上記課題を解決すべく、第1の発明の歩行車は、上下方向に延びる左右一対のフレーム部と、前記一対のフレーム部により支持され、ユーザが着座する座部と、前記一対のフレーム部に架け渡されて設けられ、前記座部に着座したユーザの背もたれを形成する背もたれ形成部と、を備える歩行車であって、前後方向において前記座部に対し前記背もたれ側とは反対側を所定側とした場合に、前記座部よりも前記所定側に配置され、買い物かごを下方から受けるかご受け部を備え、前記かご受け部は、買い物かごを受ける受け位置から左右方向の外側へ退避可能に設けられている。
第1の発明によれば、前後方向において座部に対し背もたれ側とは反対側を所定側とした場合、かご受け部は座部よりも所定側に配置されている。この場合、買い物かごをかご受け部により受けるにあたり、背もたれをわざわざ退避させる必要がない。なお、買い物かごをかご受け部により受ける際には、例えば買い物かごをかご受け部と座部とにそれぞれ載置して受けることが考えられる。
また、ユーザが座部に着座する際には、背もたれ側とは反対側(所定側)から着座することになる。その点、第1の発明では、かご受け部が、買い物かごを受ける受け位置から左右方向の外側へ退避可能となっている。これにより、ユーザが座部に着座する際には、かご受け部を受け位置から退避させることで、かご受け部が邪魔になるのを抑制することができる。
第2の発明の歩行車は、第1の発明において、前記所定側は後側であり、前記かご受け部は、前記座部よりも後側に配置されている。
第2の発明によれば、かご受け部が座部よりも後側に配置されている。これにより、ユーザが歩行車の後方、すなわち座部の後方に立って歩行車を移動させる際、かご受け部を受け位置から左右方向外側に退避させることで、かご受け部が邪魔になるのを抑制することができる。
第3の発明の歩行車は、第1の発明において、前記座部は、前記一対のフレーム部の間を通じて前後方向に延びるように配置されており、前記背もたれ形成部は、前記背もたれが前後方向において前記フレーム部に対し前記所定側とは逆側に位置するよう、前記逆側に凸となる形状を有している。

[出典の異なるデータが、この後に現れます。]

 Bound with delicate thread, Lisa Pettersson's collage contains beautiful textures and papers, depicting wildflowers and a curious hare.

第3の発明によれば、買い物かごをかご受け部により受ける際、買い物かごを左右のフレーム部の間を通じて配置することができる。そのため、買い物かごが左右にずり落ちるのを抑制することができる。
第4の発明の歩行車は、第3の発明において、前記かご受け部には、買い物かごが載置される載置面から上方に突出し、買い物かごが前記逆側から当接可能な突出部が設けられている。
第4の発明によれば、買い物かごがかご受け部の載置面に載置された状態で、買い物かごを挟んだ前後方向の両側に背もたれとかご受け部の突出部とがそれぞれ配置される。これにより、買い物かごが左右方向にずり落ちることに加え、前後方向にずり落ちることも抑制することができる。

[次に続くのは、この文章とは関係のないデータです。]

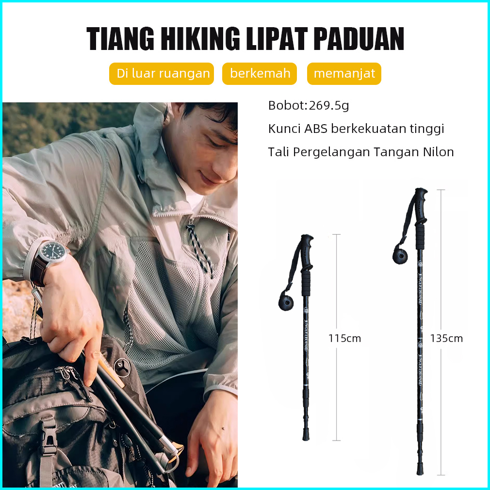 Matougui Tongkat Trekking Tongkat Trekking Paduan Aluminium Ultralight Teleskopik Anti Selip Peralatan Pendakian Gunung

第5の発明の歩行車は、第4の発明において、前後方向における前記突出部と前記背もたれとの間の距離は、左右方向における前記一対のフレーム部の間の距離よりも長くなっている。
第5の発明によれば、前後方向における突出部と背もたれとの距離が、左右方向における一対のフレーム部の間の距離よりも長くなっている。この場合、買い物かごを、その(平面視における)長手方向を前後方向に向けた状態で、つまり縦向きの状態でかご受け部に載置することができ、しかも、その載置状態で買い物かごが左右及び前後の各方向にずり落ちるのを抑制することができる。

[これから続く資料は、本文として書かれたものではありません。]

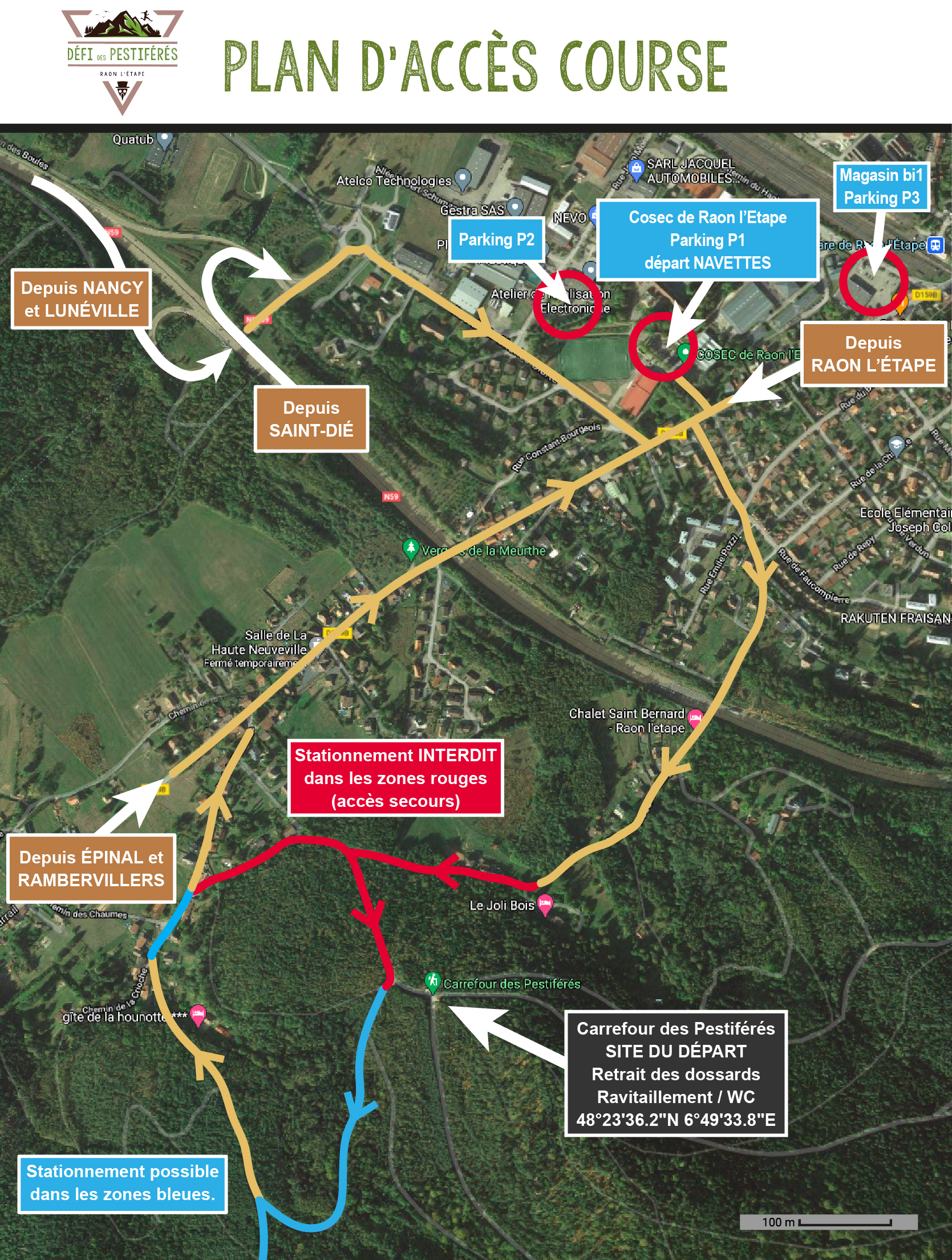 Les participants de la PESTIF’ en solo ou relais et PESTIF’ MIX sont vivement encouragés à utiliser les navettes ou à covoiturer, mais ils peuvent accéder au site de départ en voiture en suivant les panneaux TRAIL aux entrées de la ville de Raon l’Étape jusqu’au chemin de la Hounotte, puis suivre les indications des bénévoles pour se garer le long de la route forestière des Pestiférés, et enfin, rejoindre à pied le site de départ au carrefour des Pestiférés.

第6の発明の歩行車は、第1の発明において、前記かご受け部は、左右方向に離間して一対設けられ、前記各かご受け部は、左右方向の外側に回動することにより前記受け位置から退避可能とされている。
第6の発明によれば、かご受け部が左右に離間して一対設けられているため、各かご受け部をコンパクトにすることができる。また、コンパクトにされた各かご受け部を左右方向の外側に回動させるだけで、各かご受け部を受け位置から容易に退避させることができる。
第7の発明の歩行車は、第6の発明において、前記一対のフレーム部にそれぞれ取り付けられているとともに、前後方向に延び前記座部を支持する左右一対の座部フレームを備え、前記座部フレームは、前記座部よりも前記所定側に延出した延出部を有し、前記かご受け部は、前記延出部に回動可能に支持されている。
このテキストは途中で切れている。